WORK REQUIRED » Your copy begins at the line with "ровно 50 минут." and runs through the end of the data below. Set down only those lines exactly, without pictures.

COLLECTED MATERIAL »

■ ■ ■ ■ ■

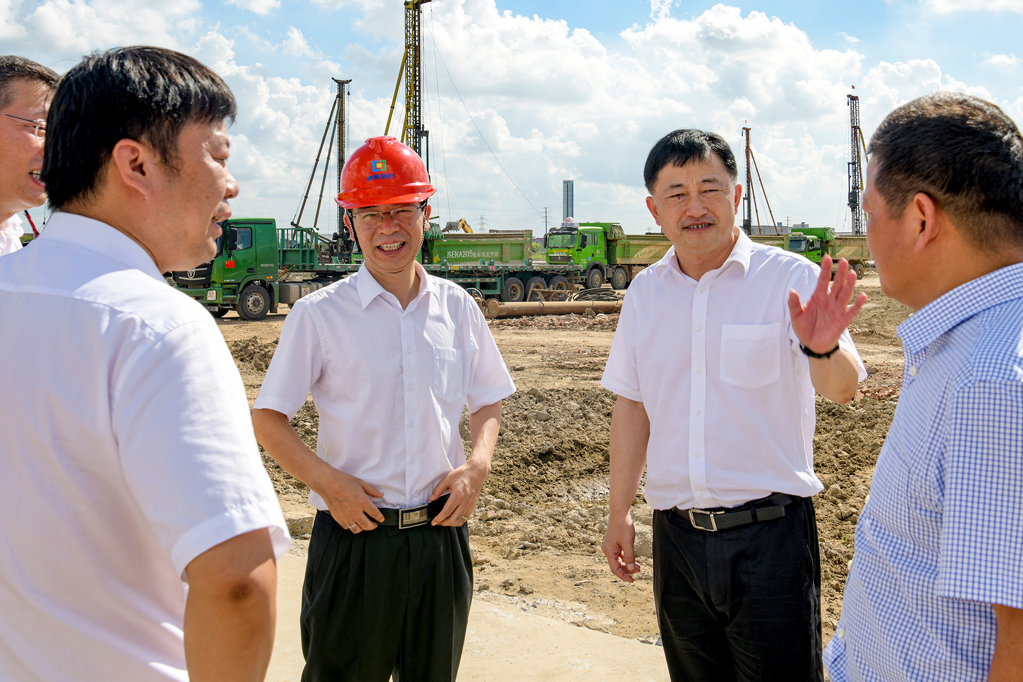 在桩基工程施工现场,李铭书记对工地疫情防控、施工安全、作业环境给予了高度赞扬。他强调,要时刻绷紧疫情防控这根弦,这是项目建筑的重要保障,同时要狠抓施工现场安全管理,督促施工人员遵章守纪,严禁“三违”,做到安全施工、文明施工,高质量、高标准全面推进项目建筑。
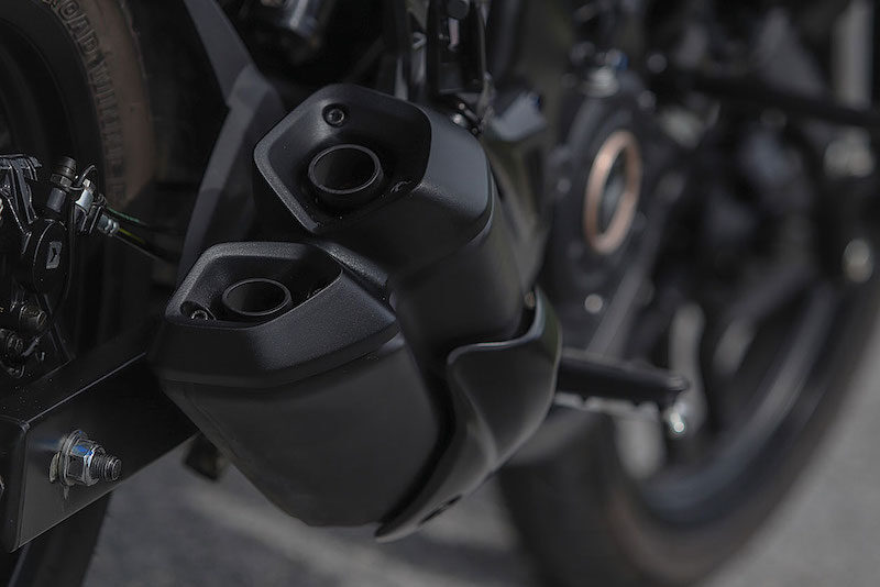 - Menampilkan Sistem ekzos tunggal dengan mufler kembar, dan disediakan tali pengikat bawah pelana.
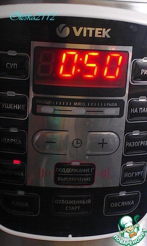 Выставляем режим "Выпечка" время 50 минут. Через 30 минут я открыла крышку чтобы перевернуть пирог, но он был ещё сырой. Потому время выпечки составило ровно 50 минут.
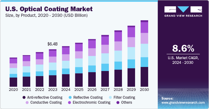 The global optical coating market size is expected to reach USD 37.58 billion by 2030, registering a CAGR of 9.2% from 2024 to 2030, according to a new report by Grand View Research, Inc. The market is estimated to be driven by the growing smart consumer electronics industry across the globe. The rising focus on electricity generation through clean sources is also expected to drive product demand. Consumer electronic devices include smartphones, tablets, phablets, smartwatches, and smart televisions. Rapid urbanization resulting in changes in consumer lifestyles is expected to create lucrative opportunities for smart consumer electronic devices. This is projected to lead to an increase in the utilization of optical coatings as they have a superior optical display and impact resistance properties.

■ ■ ■ ■ ■

TASK ANSWER »
 Выставляем режим "Выпечка" время 50 минут. Через 30 минут я открыла крышку чтобы перевернуть пирог, но он был ещё сырой. Потому время выпечки составило ровно 50 минут.
 The global optical coating market size is expected to reach USD 37.58 billion by 2030, registering a CAGR of 9.2% from 2024 to 2030, according to a new report by Grand View Research, Inc. The market is estimated to be driven by the growing smart consumer electronics industry across the globe. The rising focus on electricity generation through clean sources is also expected to drive product demand. Consumer electronic devices include smartphones, tablets, phablets, smartwatches, and smart televisions. Rapid urbanization resulting in changes in consumer lifestyles is expected to create lucrative opportunities for smart consumer electronic devices. This is projected to lead to an increase in the utilization of optical coatings as they have a superior optical display and impact resistance properties.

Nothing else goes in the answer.